Despite having only two state qualifiers the Navajo Pine track team did not go home empty-handed.

The Warriors won four medals at last week’s 2A state meet with freshman Ryan Kee leading the way.

Kee reached the podium three times, including a first-place finish in the 3200-meter run. Kee won that race in 10 minutes, 5.96 seconds as he outkicked Penasco’s Gilbert Valdez by nearly three seconds.

“I’m proud of myself that I won the two-mile,” said Kee, who led for most of the race.

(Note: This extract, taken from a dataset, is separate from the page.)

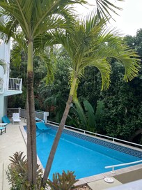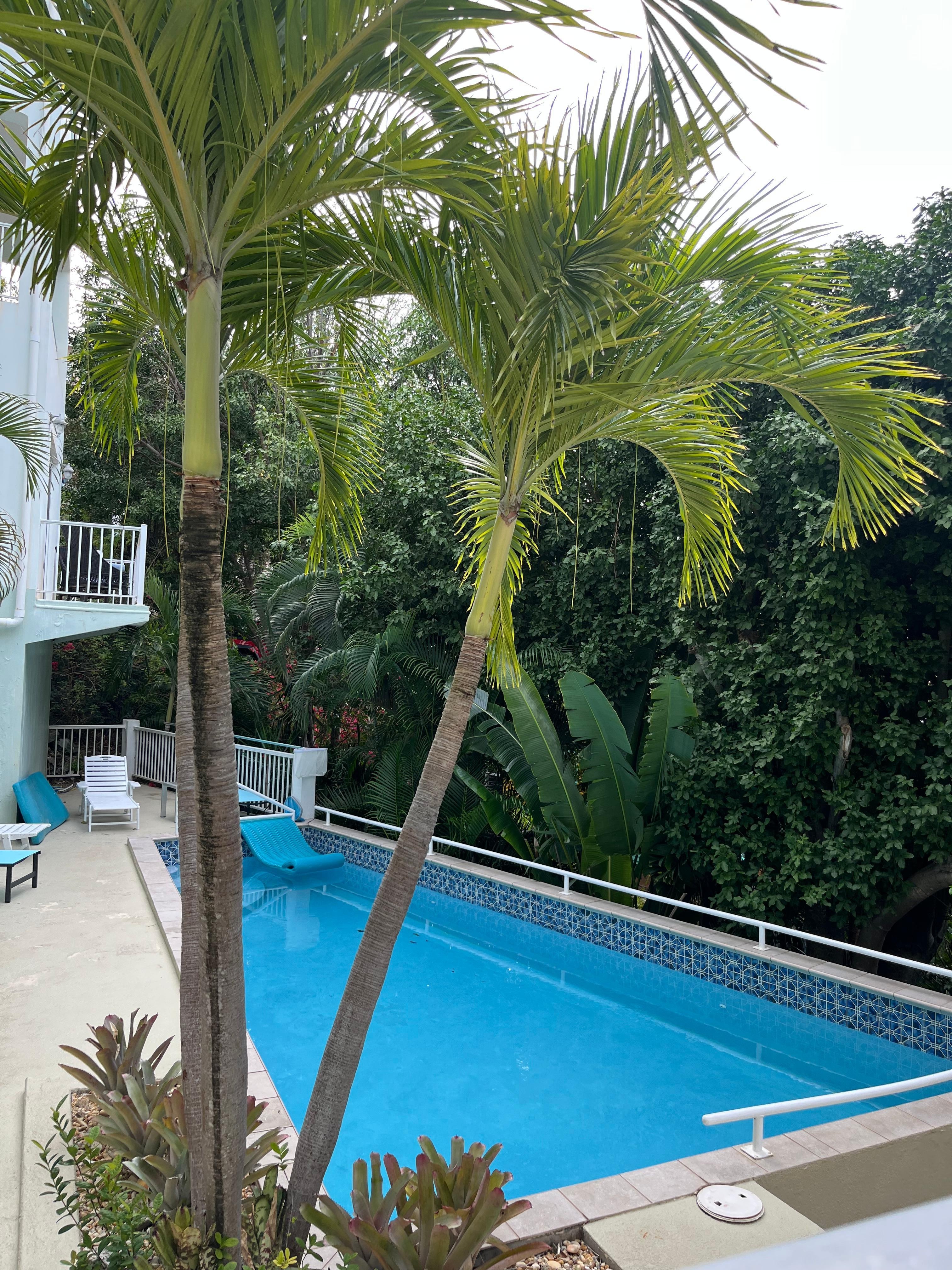 Silver Palm at Palm Terrace is a magnificent, luxury condo in the heart of Cruz Bay. Silver Palm has great views of the ocean from the balcony and master bedroom and is beautifully furnished with two master suites, both with king beds and two additional bedrooms with queen beds. Silver Palm is equipped with a full kitchen and dining table that has seating for 6. Silver Palm also features all beach necessities including chairs/coolers/snorkel gear/coolers and a common pool and grilling area in the 6-condo complex.

Navajo Times | Quentin Jodie
Navajo Pine freshman Ryan Kee catches his breath after finishing the 1600-meter run at the New Mexico Class 2A state track meet on June 18. Kee won three state medals, including gold in the 3200.

In the final lap, Valdez briefly took the lead but in the last 300 meters Kee found another gear to outlast the Penasco runner.

“I kicked it in, and I was able to beat him,” he said. “I felt like I could pass him, and I just held on.”

He also had a fifth place showing in the 800 and he took fourth in the 1600.

His older brother, Burlander, finished one spot ahead of him in the one-mile race as he was not expected to place.

Going into the race, Burlander was seeded 10th while Ryan had posted the second fastest time.

“I ran the 200 earlier and I felt like I wasn’t ready,” said Burlander, who clocked in at 5:00.51. “I talked to my dad after that race and he just told me to regroup.”

That pep talk worked liked a charm as Burlander stayed in contention for a state medal.

“I stayed with the lead pack,” he said. “In the last lap I had one guy pass me. I’m surprised with how I finished but I just felt better for the 1600.”

Navajo Pine coach Kyleigh Thompson said she was super proud with how her athletes did, especially with Burlander’s third place finish.

“We didn’t expect that because he was seeded 10th,” Thompson said of her pupil. “He ran a really good race and he set a really great PR.”

With the state meet being a one-day meet and on a rolling schedule, Thompson said the format didn’t bode well for multi-qualifiers like Ryan, as he had his eye at winning a Triple Crown.

It also didn’t help that the athletes were competing under sweltering conditions as the temperature reached nearly triple digits in Albuquerque.

“I think the heat got the best of us,” she said. “In the end, I think all these things hurt certain athletes. Not just us but as well as other teams and, you know, he still got three medals.”

And although he placed high expectations on himself, the Navajo Pine coach said Ryan should be very proud with what he accomplished.

“He finished top five in three events and that’s good for a freshman,” she said. “He should be really proud of himself for accomplishing that.”